3

I'm trying to get correct body of https://www.avito.ru/moskva page with status 200.

req, err := http.NewRequest("GET", "https://www.avito.ru/moskva", nil)
req.Header.Add("User-Agent", "Mozilla/5.0 (X11; Ubuntu; Linux x86_64; rv:81.0) Gecko/20100101 Firefox/81.0")
req.Header.Add("Accept", "text/html,application/xhtml+xml,application/xml;q=0.9,image/webp,*/*;q=0.8")

client := &http.Client{}
res, err := client.Do(req)
if err != nil {
    panic(err)
}
defer res.Body.Close()

fmt.Println(res.Status)
printBody(res) // prints body of page

the output:

403 Forbidden
"security stub from site (says that my ip banned)"

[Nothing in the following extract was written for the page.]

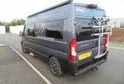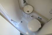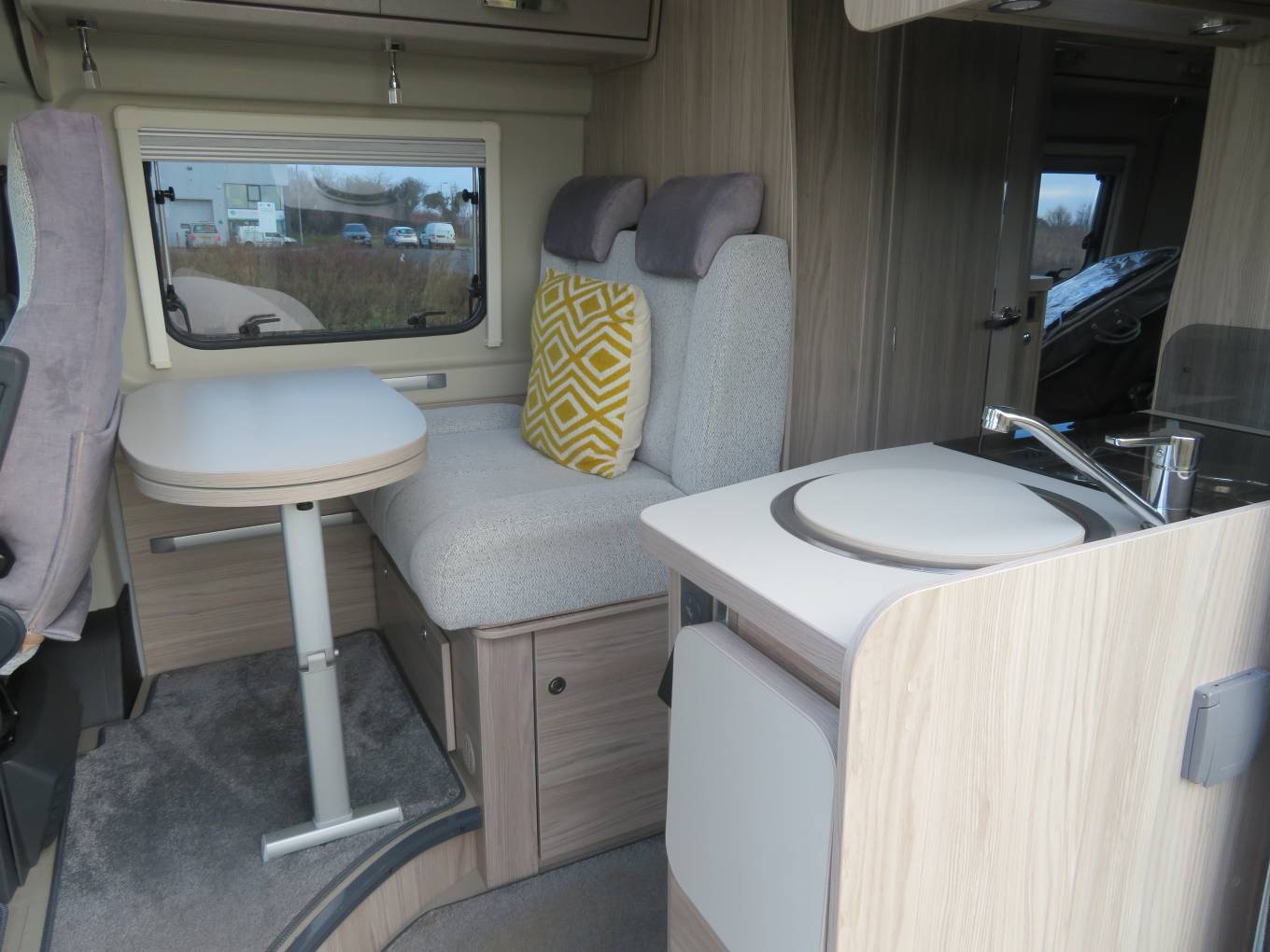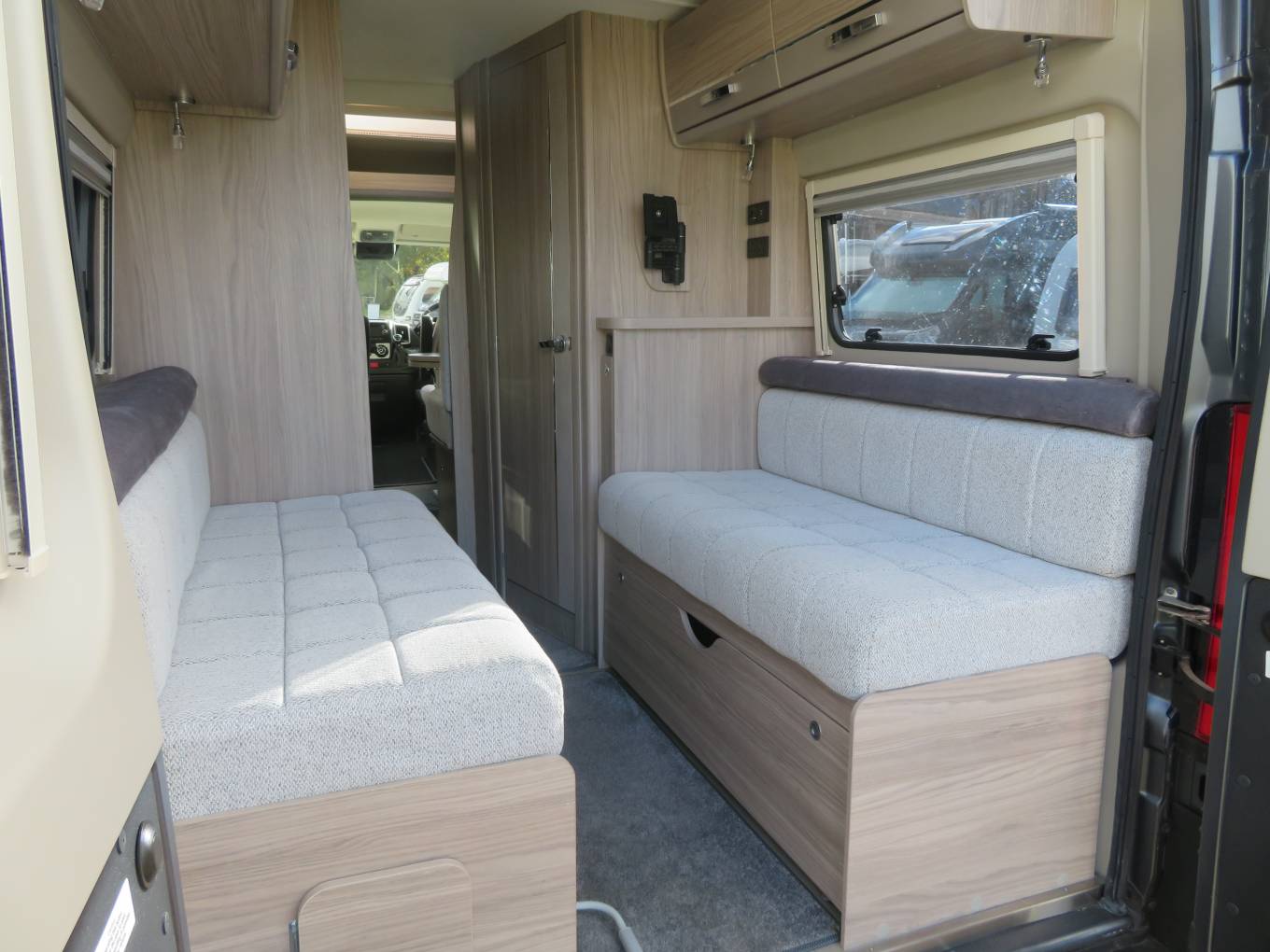 You’ll probably choose to dine up front, but it’s at the back where you’ll chill out. The sofas convert easily into a transverse double bed. A TV bracket, 12V/230V/USB sockets are mounted by the rear wall of the washroom, while drop fronts provide easy access into the under-seat spaces and storage is good because the water tanks, heater and gas are all underneath.

I can open this page in browser without any warnings.

I successfully got body with python:

import requests

session = requests.Session()
session.headers = {
    'User-Agent': 'Mozilla/5.0 (X11; Ubuntu; Linux x86_64; rv:81.0) Gecko/20100101 Firefox/81.0',
    'Accept-Language': 'ru',
}
print(session.get("https://www.avito.ru/moskva").text)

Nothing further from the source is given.